What is needed —
Transcribe, starting at the line with "ユビエダハマサンゴの周りにはテンジクダイが群れ群れ" and ending at the line with "6. Влить растительное", every line of the material below exactly, but leave out the pictures and anything outside that span.

Available data —
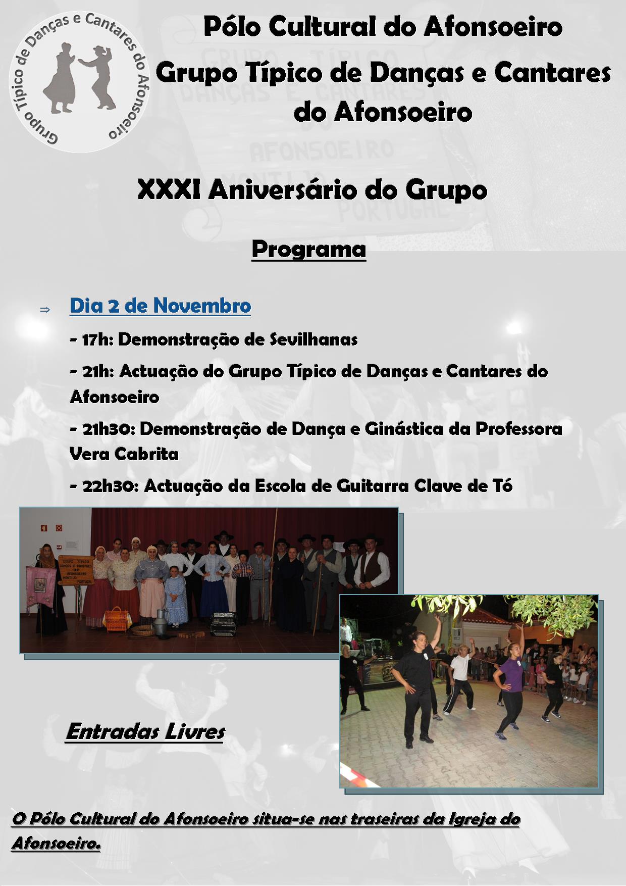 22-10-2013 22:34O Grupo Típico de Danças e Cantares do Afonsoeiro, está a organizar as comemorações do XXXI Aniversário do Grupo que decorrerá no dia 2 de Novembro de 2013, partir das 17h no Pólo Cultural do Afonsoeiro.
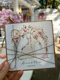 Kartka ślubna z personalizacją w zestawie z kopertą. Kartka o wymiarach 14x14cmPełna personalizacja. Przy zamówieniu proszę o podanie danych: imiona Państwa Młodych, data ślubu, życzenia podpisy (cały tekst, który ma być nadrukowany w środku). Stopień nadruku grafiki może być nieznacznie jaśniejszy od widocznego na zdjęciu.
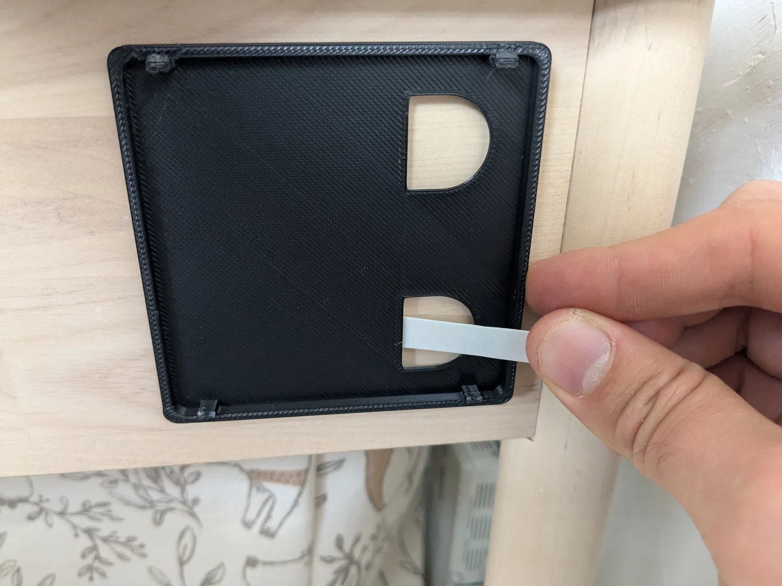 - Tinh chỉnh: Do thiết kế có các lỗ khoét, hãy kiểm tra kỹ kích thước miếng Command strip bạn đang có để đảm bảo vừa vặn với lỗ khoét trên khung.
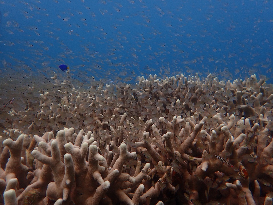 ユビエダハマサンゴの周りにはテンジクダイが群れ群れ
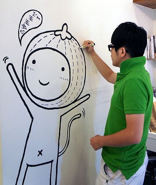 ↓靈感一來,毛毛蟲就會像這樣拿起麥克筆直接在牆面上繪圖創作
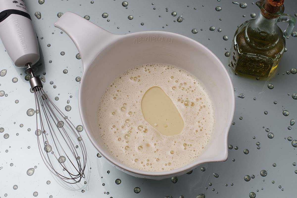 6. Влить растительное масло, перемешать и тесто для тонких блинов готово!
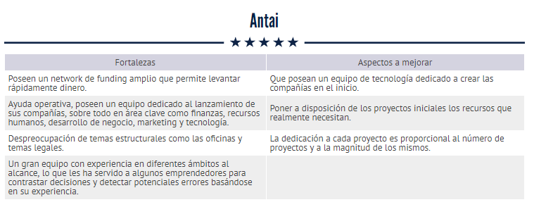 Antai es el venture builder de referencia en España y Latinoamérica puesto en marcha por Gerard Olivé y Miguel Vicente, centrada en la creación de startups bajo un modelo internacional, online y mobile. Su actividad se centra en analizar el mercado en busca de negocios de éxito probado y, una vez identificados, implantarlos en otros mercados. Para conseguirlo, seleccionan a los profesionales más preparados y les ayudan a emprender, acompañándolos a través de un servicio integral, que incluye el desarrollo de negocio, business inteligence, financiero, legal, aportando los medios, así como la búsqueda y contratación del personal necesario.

Output for this task —
 ユビエダハマサンゴの周りにはテンジクダイが群れ群れ
 ↓靈感一來,毛毛蟲就會像這樣拿起麥克筆直接在牆面上繪圖創作
 6. Влить растительное масло, перемешать и тесто для тонких блинов готово!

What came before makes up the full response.